What is being asked:
From the line containing "ポスターや色紙にサインをするダグラスさん。" down to the last line of the entries, print each line exactly and leave the pictures out.

Provided data:
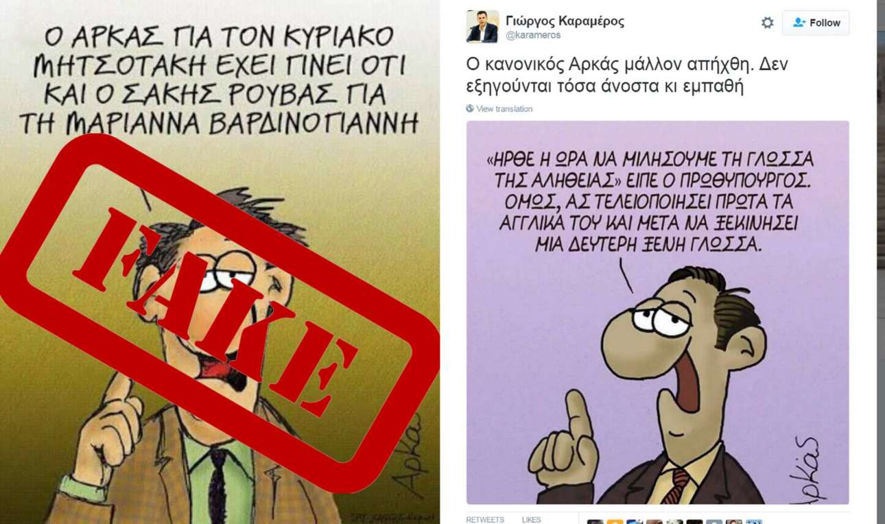 Ηταν ζήτημα χρόνου. Με τη δεύτερη φορά που ο Κυριάκος Μητσοτάκης (σ.σ.: ελλείψει δικής του original ανάλυσης) χρησιμοποίησε σκίτσα του Αρκά για να επιτεθεί στον Αλέξη Τσίπρα, άρχισε και η αντεπίθεση. Το σύνθημα δόθηκε πρώτα με tweet του Περιφερειάρχη Βορείου Αττικής Γιώργου Καραμέρου ο οποίος έγραψε πως «ο κανονικός Αρκάς μάλλον απήχθη. Δεν εξηγούνται τόσα άνοστα και εμπαθή» (σ.σ.: Σχόλια; Σκίτσα; Δεν συνεχίζει το κείμενο). Και από κάτω ένα μάλλον παραλλαγμένο σκίτσο που καυτηριάζει το περίφημο tweet του Αλέξη Τσίπρα για τους πολιτικούς που πρέπει να μιλάνε τη γλώσσα της αλήθειας.
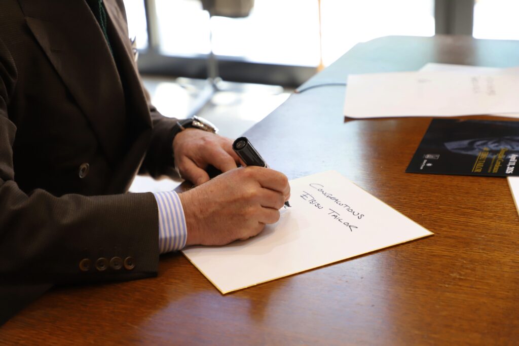 ポスターや色紙にサインをするダグラスさん。
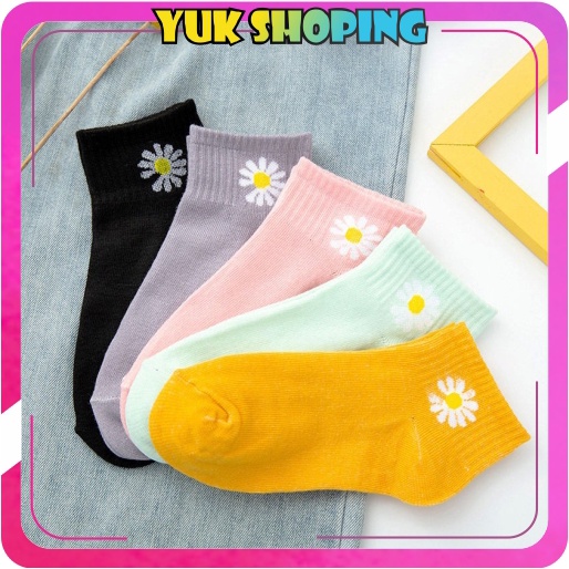 ✧YUKSHOPING✧ Kaos Kaki Ankle H185 Motif Bunga Daisy Gaya Korea Untuk Kaos Kaki Wanita Motif R456
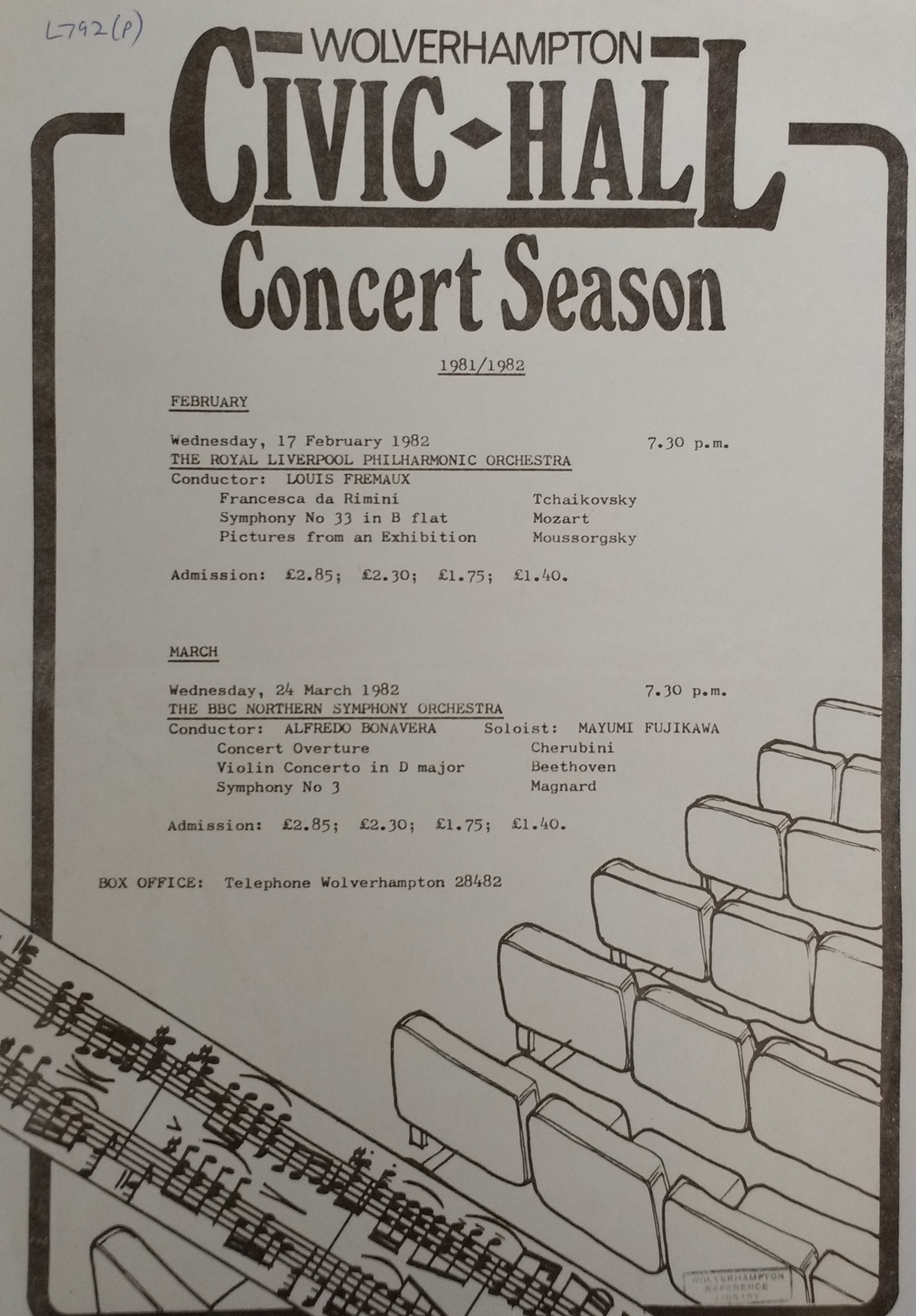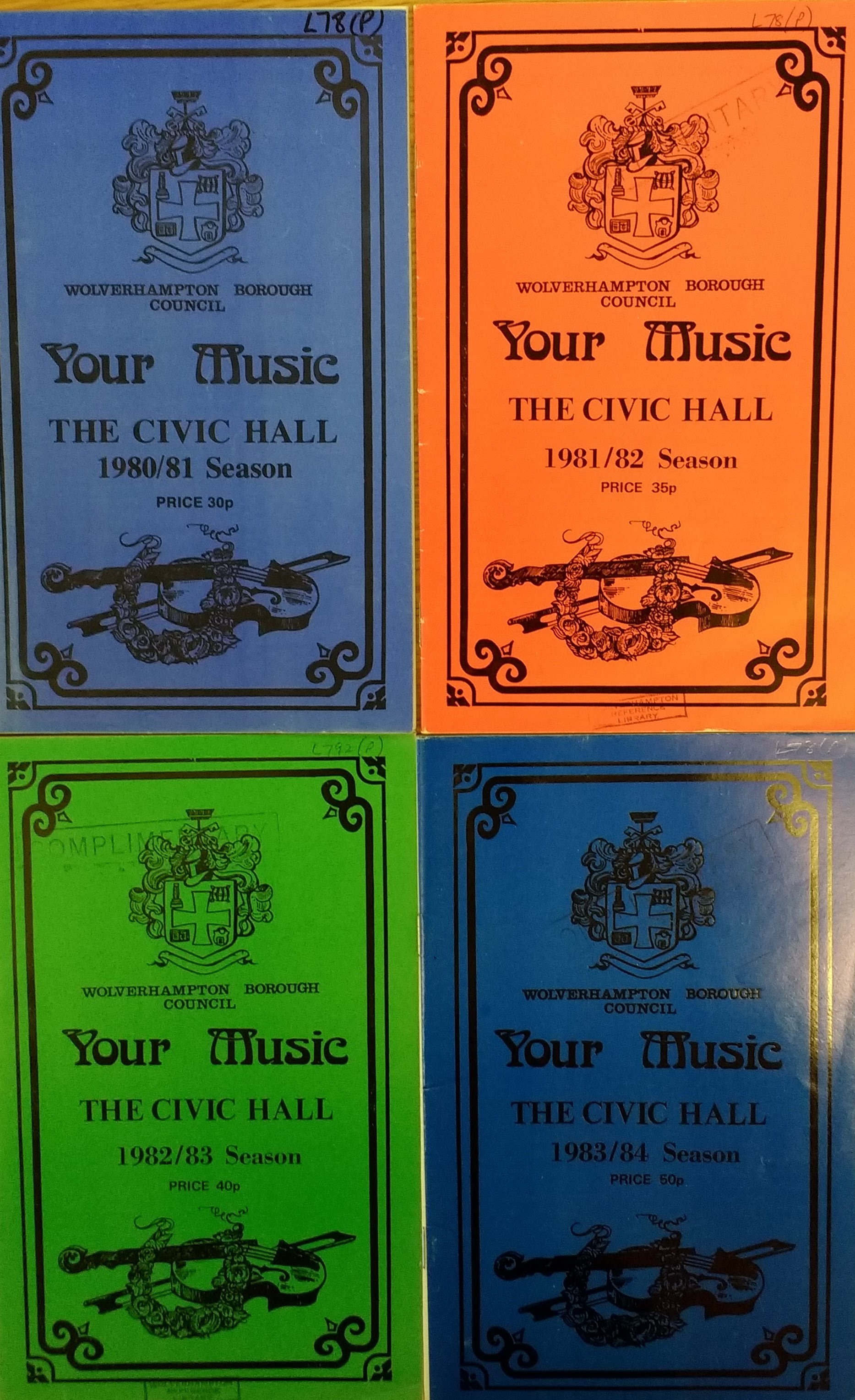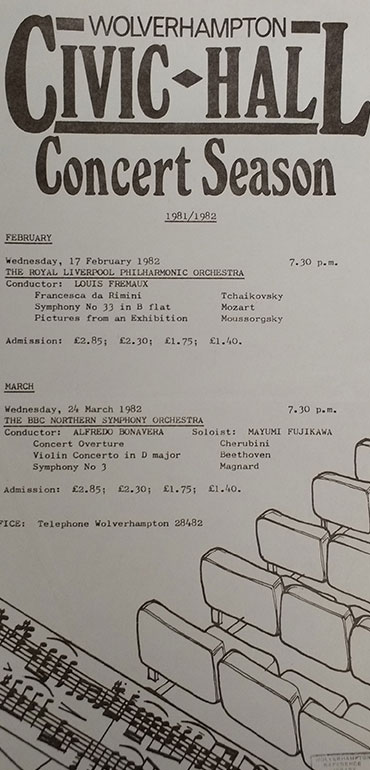 Your Music brochures detailing concerts on offer at the Civic during the eighties.
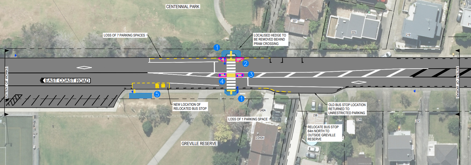 Reallocation of road space will result in a loss of seven parking spaces on the Centennial Park side and one space on the Greville Reserve side for visibility of people crossing.
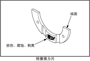 檢查三菱S12柴油發動機推力片的接觸面、背面和端面,如有接觸不良、滑動損傷、腐蝕、異物嵌入等異常時更換新品。
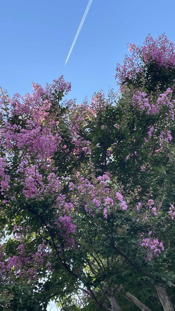ご主人も青空と飛行機雲とサルスベリに心を動かされたのですね📱
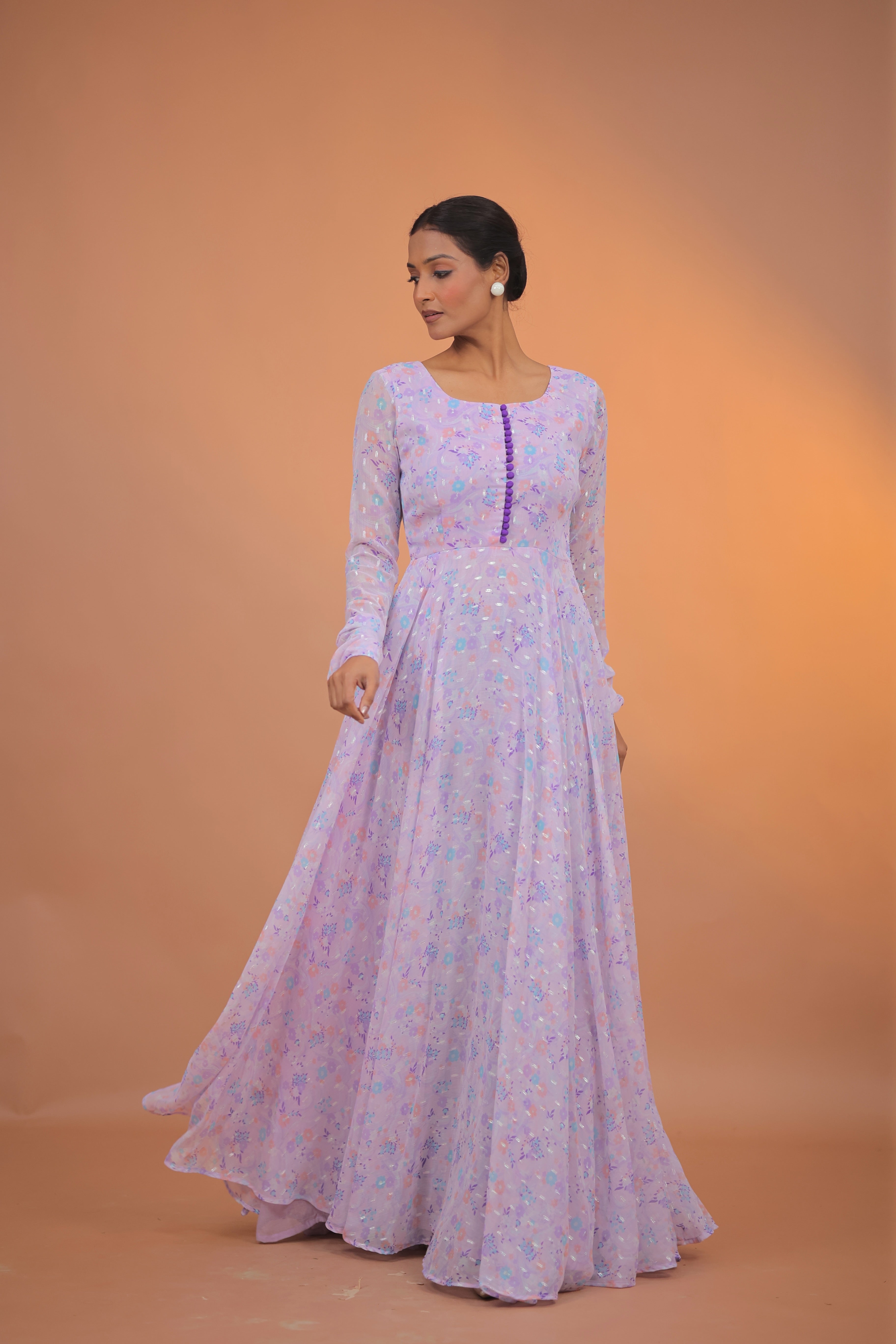 Pastel lavender floral anarkali paired with a flowy dupatta, designed for effortless elegance and movement.

Exercise result:
 ポスターや色紙にサインをするダグラスさん。
 ✧YUKSHOPING✧ Kaos Kaki Ankle H185 Motif Bunga Daisy Gaya Korea Untuk Kaos Kaki Wanita Motif R456
 Your Music brochures detailing concerts on offer at the Civic during the eighties.
 Reallocation of road space will result in a loss of seven parking spaces on the Centennial Park side and one space on the Greville Reserve side for visibility of people crossing.
 檢查三菱S12柴油發動機推力片的接觸面、背面和端面,如有接觸不良、滑動損傷、腐蝕、異物嵌入等異常時更換新品。
ご主人も青空と飛行機雲とサルスベリに心を動かされたのですね📱
 Pastel lavender floral anarkali paired with a flowy dupatta, designed for effortless elegance and movement.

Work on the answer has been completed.